Are tests catching XBB.1.16?

As the omicron subvariant XBB.1.16 takes off in the U.S., questions have emerged around whether current at-home COVID-19 tests accurately detect the strain. 

CDC estimates indicate the strain accounts for 7.2 percent of U.S. cases, and experts anticipate it will become dominant in the coming weeks. Anecdotally, the strain appears to be causing conjunctivitis among children in India, where it is causing a surge. The potential shift in symptom set raises the question about whether the tests can accurately detect the evolved virus. 

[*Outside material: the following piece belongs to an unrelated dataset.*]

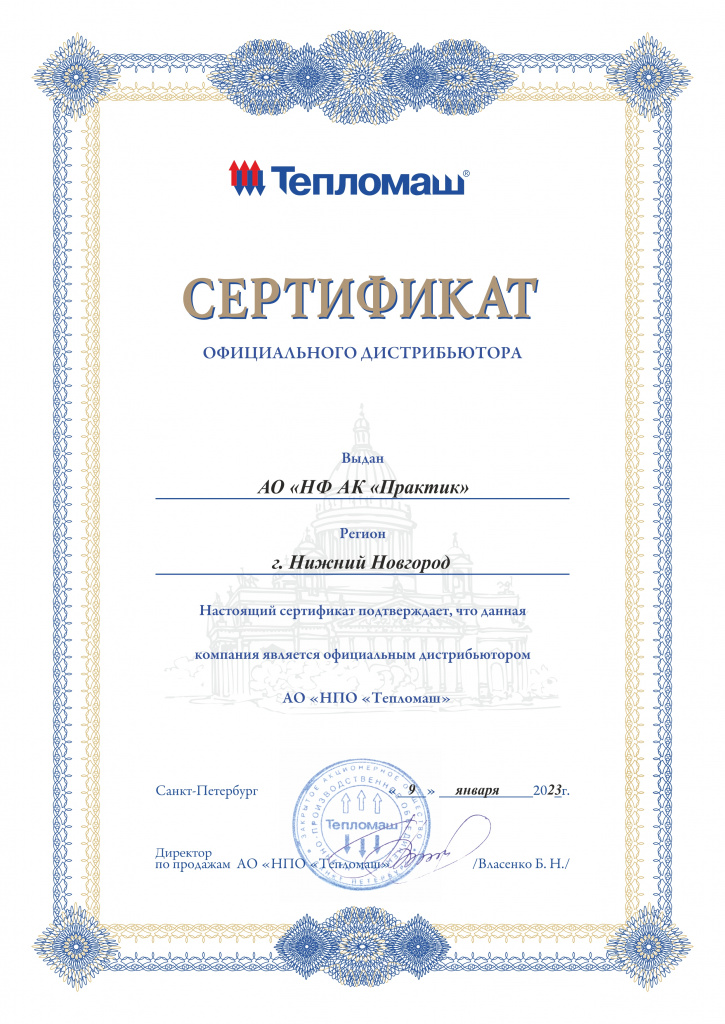 Сертификат официального дистрибьютора АО "НПО "Тепломаш"

As the prevalence of XBB.1.16 grows, experts don't anticipate the accuracy of at-home tests to be affected, since most are designed to recognize the virus' nucleocapsid protein, not the spike protein. Health officials have said XBB.1.16 has a very similar profile to XBB.1.15 — the dominant strain in the U.S. — with one additional mutation in the spike protein that has shown increased infectivity and a potential increase in pathogenicity in lab studies. 

"The majority of SARS-CoV-2 variant mutations occur in that spike protein and so thus far, the ability of at-home [tests] to detect the virus has not been affected, through many interactions of changing variants, because the nucleocapsid protein has not changed much as the virus has evolved," Amy Karger, MD, PhD, clinical pathologist and associate professor at the University of Minnesota Medical School in Minneapolis, told Becker's

At-home COVID-19 antigen tests are expected to be around 80 percent accurate at detecting a COVID-19 infection, according to the FDA. They are less sensitive than polymerase chain reaction tests — the gold standard — and should thus be repeated after a negative result regardless of symptoms.